◆ **What is needed**:
Copy the listing below exactly. Pictures stay out of it.

[Opening Data in this exercise section]

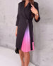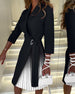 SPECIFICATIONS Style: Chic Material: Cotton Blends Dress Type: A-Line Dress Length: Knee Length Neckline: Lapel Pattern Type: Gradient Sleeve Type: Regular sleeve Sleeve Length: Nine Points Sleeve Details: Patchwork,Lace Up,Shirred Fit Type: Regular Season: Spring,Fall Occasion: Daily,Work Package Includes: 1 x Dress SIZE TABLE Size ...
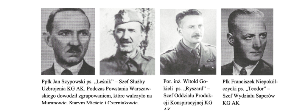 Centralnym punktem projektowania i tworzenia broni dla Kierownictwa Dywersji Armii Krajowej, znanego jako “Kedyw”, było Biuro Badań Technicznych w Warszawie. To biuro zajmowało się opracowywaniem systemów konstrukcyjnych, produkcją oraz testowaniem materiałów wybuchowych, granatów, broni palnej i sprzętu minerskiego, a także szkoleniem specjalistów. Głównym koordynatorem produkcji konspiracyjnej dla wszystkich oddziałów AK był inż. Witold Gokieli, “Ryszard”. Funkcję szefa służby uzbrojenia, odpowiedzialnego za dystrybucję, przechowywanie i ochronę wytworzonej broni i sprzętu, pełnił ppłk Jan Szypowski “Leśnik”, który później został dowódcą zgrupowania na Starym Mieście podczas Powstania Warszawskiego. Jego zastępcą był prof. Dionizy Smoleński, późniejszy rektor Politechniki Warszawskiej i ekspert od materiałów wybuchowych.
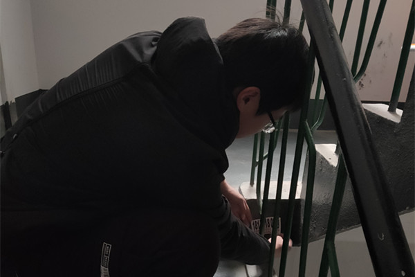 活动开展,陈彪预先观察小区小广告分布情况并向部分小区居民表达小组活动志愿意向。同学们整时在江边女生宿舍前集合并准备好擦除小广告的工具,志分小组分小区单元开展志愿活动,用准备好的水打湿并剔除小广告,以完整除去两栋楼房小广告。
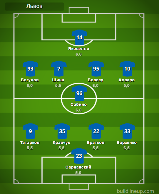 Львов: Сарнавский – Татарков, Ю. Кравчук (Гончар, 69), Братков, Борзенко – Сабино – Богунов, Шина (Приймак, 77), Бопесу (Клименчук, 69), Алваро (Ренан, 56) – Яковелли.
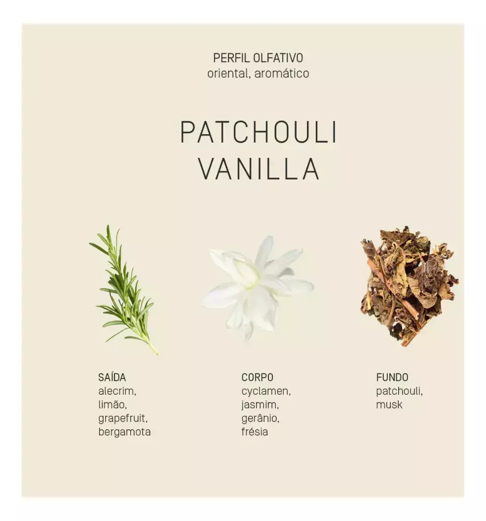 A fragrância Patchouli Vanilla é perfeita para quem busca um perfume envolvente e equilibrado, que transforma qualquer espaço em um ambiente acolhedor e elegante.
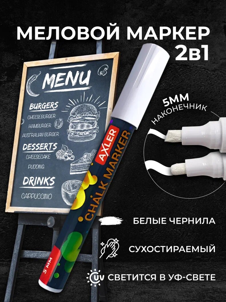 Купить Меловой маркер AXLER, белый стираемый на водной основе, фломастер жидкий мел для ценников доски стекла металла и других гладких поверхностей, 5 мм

[Closing Data in this exercise section]

◆ **Exercise result**:
 SPECIFICATIONS Style: Chic Material: Cotton Blends Dress Type: A-Line Dress Length: Knee Length Neckline: Lapel Pattern Type: Gradient Sleeve Type: Regular sleeve Sleeve Length: Nine Points Sleeve Details: Patchwork,Lace Up,Shirred Fit Type: Regular Season: Spring,Fall Occasion: Daily,Work Package Includes: 1 x Dress SIZE TABLE Size ...
 Centralnym punktem projektowania i tworzenia broni dla Kierownictwa Dywersji Armii Krajowej, znanego jako “Kedyw”, było Biuro Badań Technicznych w Warszawie. To biuro zajmowało się opracowywaniem systemów konstrukcyjnych, produkcją oraz testowaniem materiałów wybuchowych, granatów, broni palnej i sprzętu minerskiego, a także szkoleniem specjalistów. Głównym koordynatorem produkcji konspiracyjnej dla wszystkich oddziałów AK był inż. Witold Gokieli, “Ryszard”. Funkcję szefa służby uzbrojenia, odpowiedzialnego za dystrybucję, przechowywanie i ochronę wytworzonej broni i sprzętu, pełnił ppłk Jan Szypowski “Leśnik”, który później został dowódcą zgrupowania na Starym Mieście podczas Powstania Warszawskiego. Jego zastępcą był prof. Dionizy Smoleński, późniejszy rektor Politechniki Warszawskiej i ekspert od materiałów wybuchowych.
 活动开展,陈彪预先观察小区小广告分布情况并向部分小区居民表达小组活动志愿意向。同学们整时在江边女生宿舍前集合并准备好擦除小广告的工具,志分小组分小区单元开展志愿活动,用准备好的水打湿并剔除小广告,以完整除去两栋楼房小广告。
 Львов: Сарнавский – Татарков, Ю. Кравчук (Гончар, 69), Братков, Борзенко – Сабино – Богунов, Шина (Приймак, 77), Бопесу (Клименчук, 69), Алваро (Ренан, 56) – Яковелли.
 A fragrância Patchouli Vanilla é perfeita para quem busca um perfume envolvente e equilibrado, que transforma qualquer espaço em um ambiente acolhedor e elegante.
 Купить Меловой маркер AXLER, белый стираемый на водной основе, фломастер жидкий мел для ценников доски стекла металла и других гладких поверхностей, 5 мм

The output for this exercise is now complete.